In other news, Sea of Quills is set to release next week and I am pumped to see it out there, finally.  In honor of the occasion, I had an interview with the United Federation of Charles where we discuss Black Raven as well as Ibenus.

Also, my long-time friend, and fellow author, Clay Sanger has begun a series of blog posts counting down to Sea of Quills’ release. This first one (Here) goes over Dämoren, as well as some personal anecdotes from back when I was first chatting and bouncing ideas off him about the novel several years before I started writing it. His help back in those early days was instrumental in how Dämoren came out. It’s no accident that Matt’s mentor was also named Clay.

Finally, this coming weekend I’ll be a guest author at FenCon XII.  I’ll be on a couple panels as well as reading Dämoren.  FenCon is a very special place for me because the Writers Workshop there was where I decided to put down my old practice novel and finally write Dämoren (which Clay and I had been talking about for a couple of years at that point).  If you’re in the Dallas-Fort Worth area, come by. My event schedule is Here.
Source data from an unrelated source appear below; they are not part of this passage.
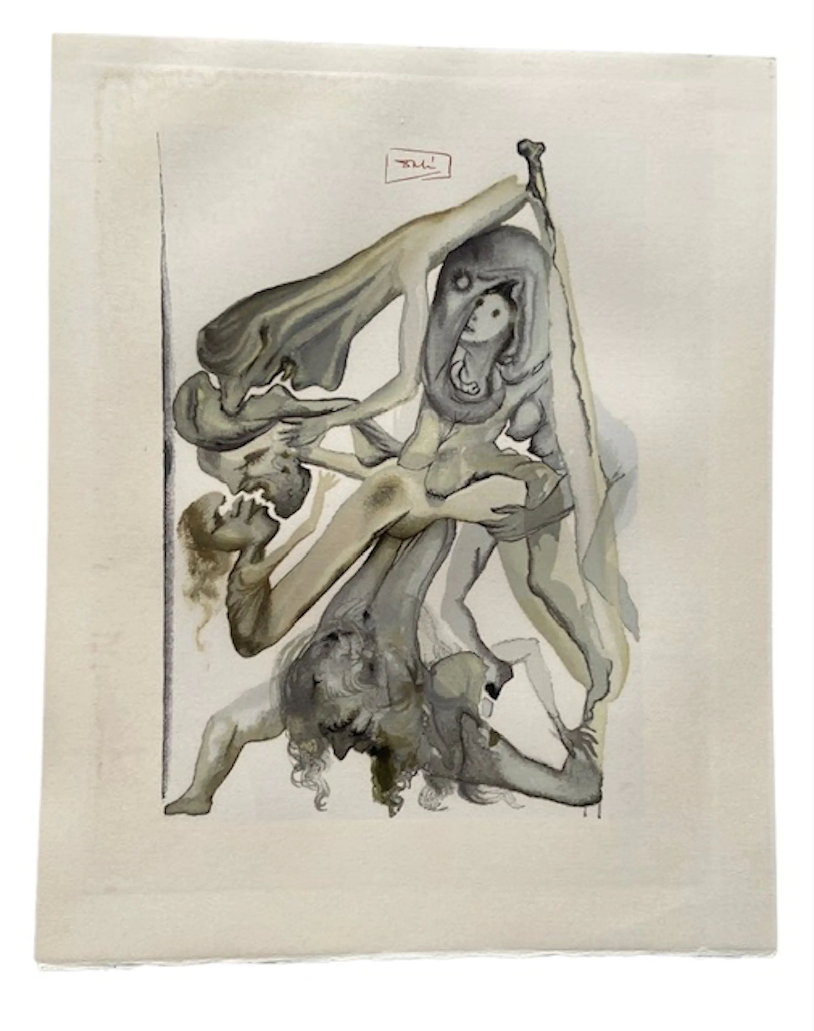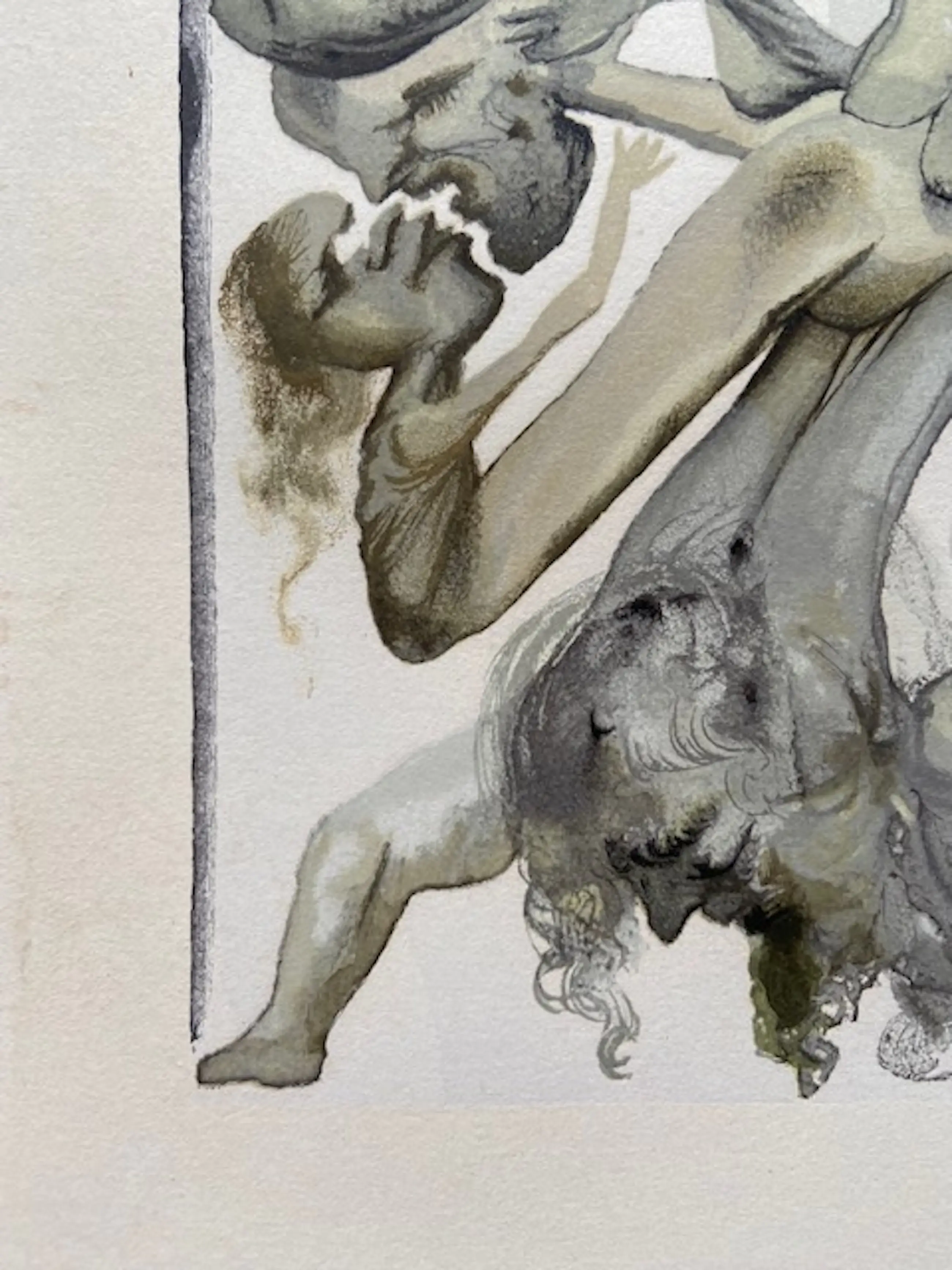 Orgineel houtsnede op papier. Er zijn er destijds 100 van gemaakt echter niet genummerd. 'The Divine Comedy' is van Dante Alighieri. Dit exemplaar is gesigneerd in de druk (zie de signatuur in het rood). In goede staat echter heeft het in een passe partout gezeten en heeft daarom dat kleurverschil in de rand, zie foto.
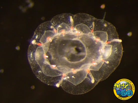 把生殖器露在体外的新类水母呈飞碟状,顶部环绕着一群生殖器。
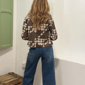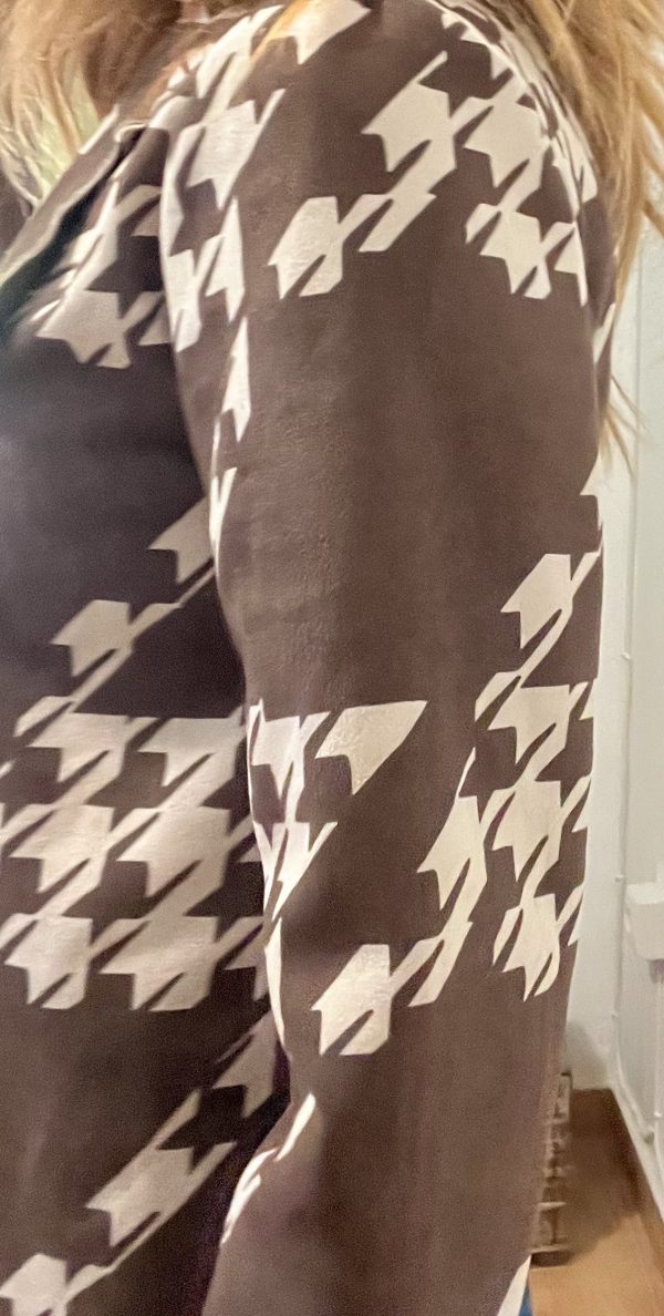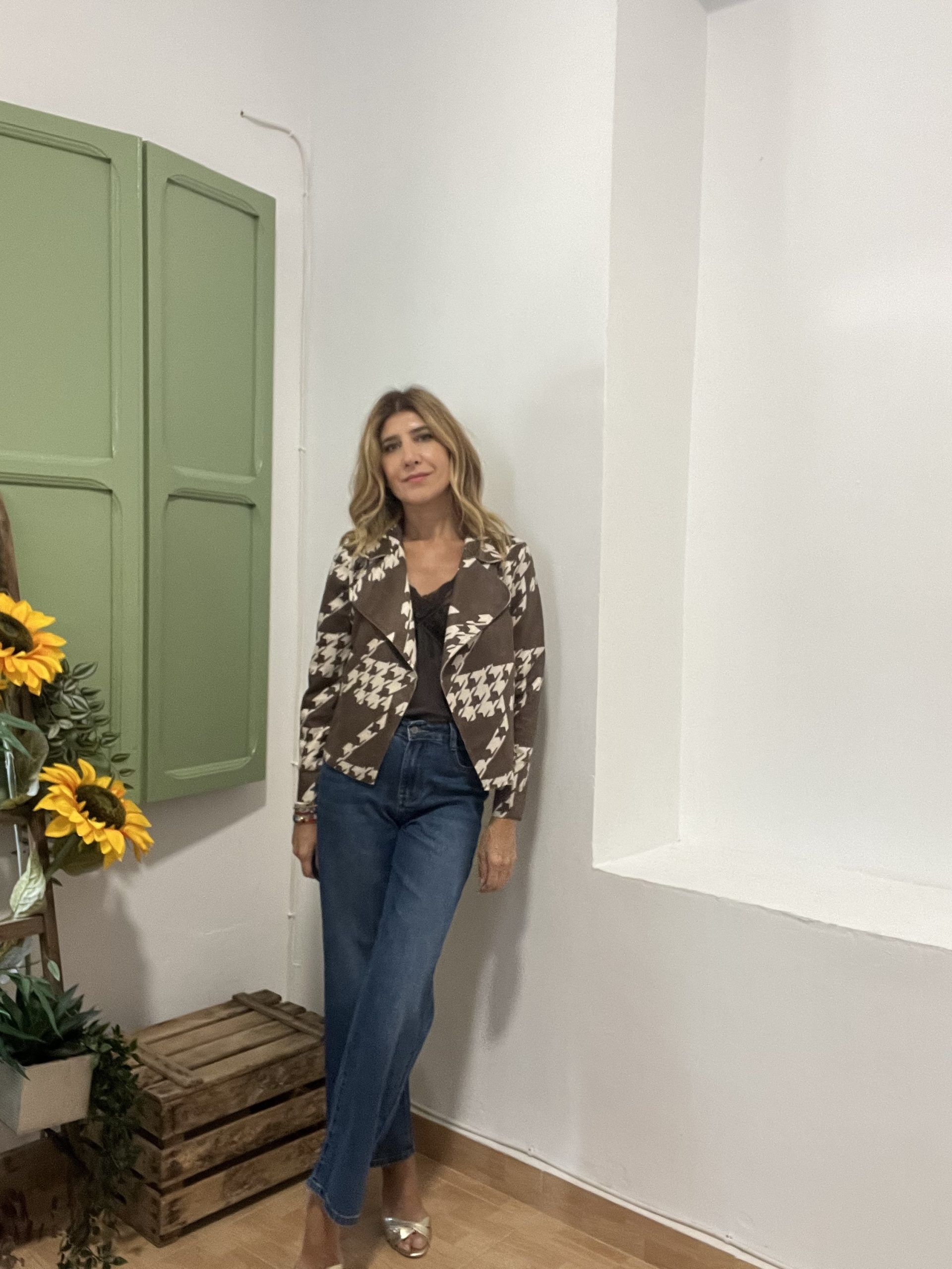 Chaqueta suelta, no se abrocha, es de antelina, talla única, de brazo es estrecha
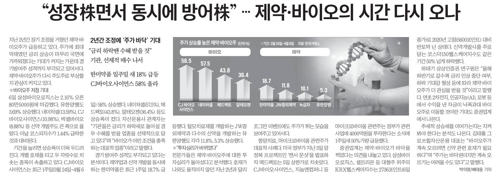 * "성장株면서 동시에 방어株"....제약 바이오의 시간 다시 오나
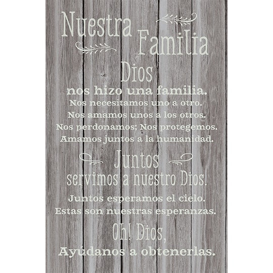 "Nuestra Familia Dios nos hizo una familia. Nos necesitamos uno a otro. Nos amamos unos a los otros. Nos perdonamos; Nos protegemos. Amamos juntos a la humanidad. Juntos servimos a nuestro Dios. Juntos esperamos el cielo. Estas son nuestras esperanzas. Oh! Dios, Ayúdanos a obtenerlas." The words are beautifully displayed on this elegant plaque.
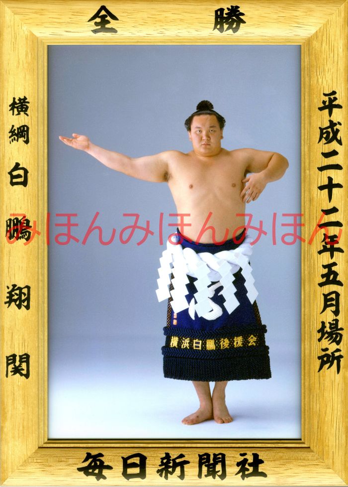 平成22(2010)年5月場所で14回目の優勝を全勝で成し遂げた、横綱 白鵬翔関の優勝ミニ額です。
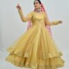 Designed with quality at its core, this lehenga is made from premium fabric that feels luxurious against the skin. The Anarkali style silhouette accentuates your figure gracefully, while the expertly tailored flares create a stunning visual impact with every step. Perfect for long events or ceremonies, the lightweight design of the lehenga ensures you look and feel your best throughout the day or evening.
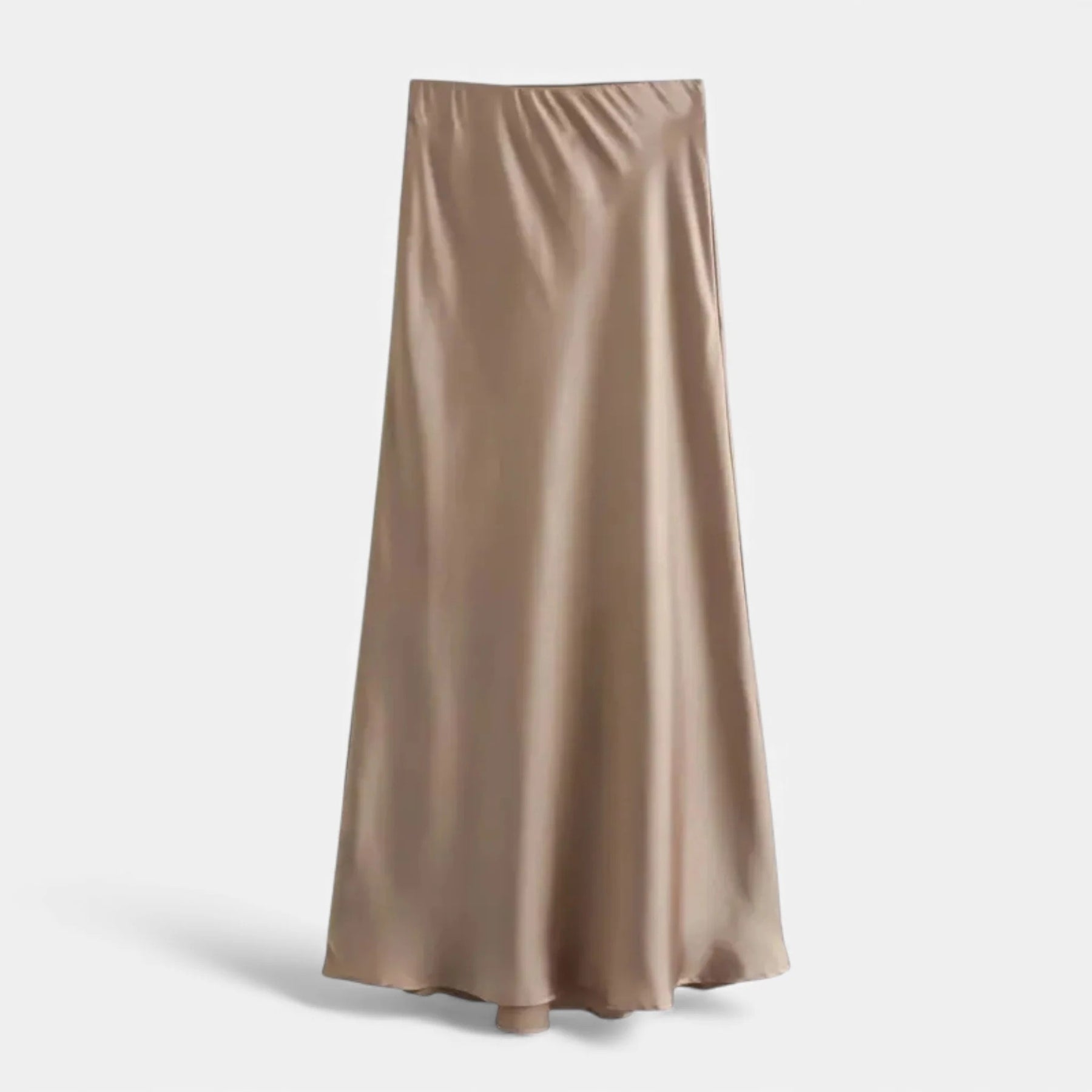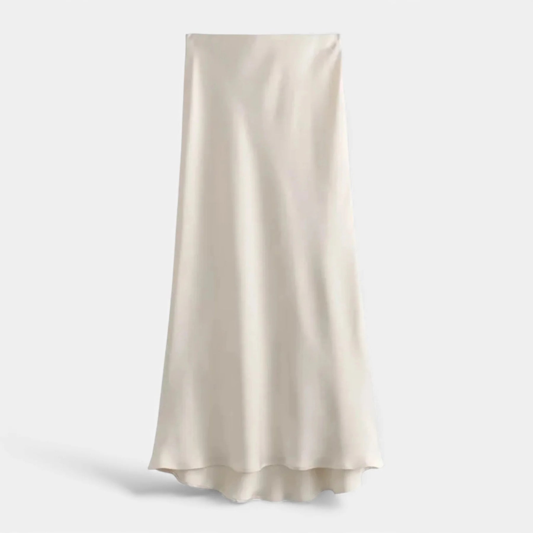 De midilange pasvorm en het A-lijn silhouet zorgen voor natuurlijke vloei bij elke stap, wat een elegante en discrete beweging creëert. Veelzijdig en geschikt voor alle seizoenen, past deze rok zowel bij een professionele look als bij een chique avondoutfit. Een essentieel kledingstuk voor wie op zoek is naar moeiteloze verfijning.

As you can see, everything has been busy. I’ve been writing some guest blogs that should be going live soon in honor of next week’s big release, so I’ll be posting links to those as they come.



Interview at the RoundTable Podcast

RTPThe fine folks over at the RoundTable Podcast interviewed me for their “20 Minutes With…” series.  We discuss pulp fantasy, conflict characters, Dungeons & Dragons, travel, Star Trek, and much more.  I had a lot of fun talking the craft and shooting the breeze with co-hosts Dave Robison and Alasdair Stuart. 

You can check the podcast HERE.  Don’t be fooled by the 20 minutes name. We run for 44 minutes and I could have enjoyed chatting with them for hours longer.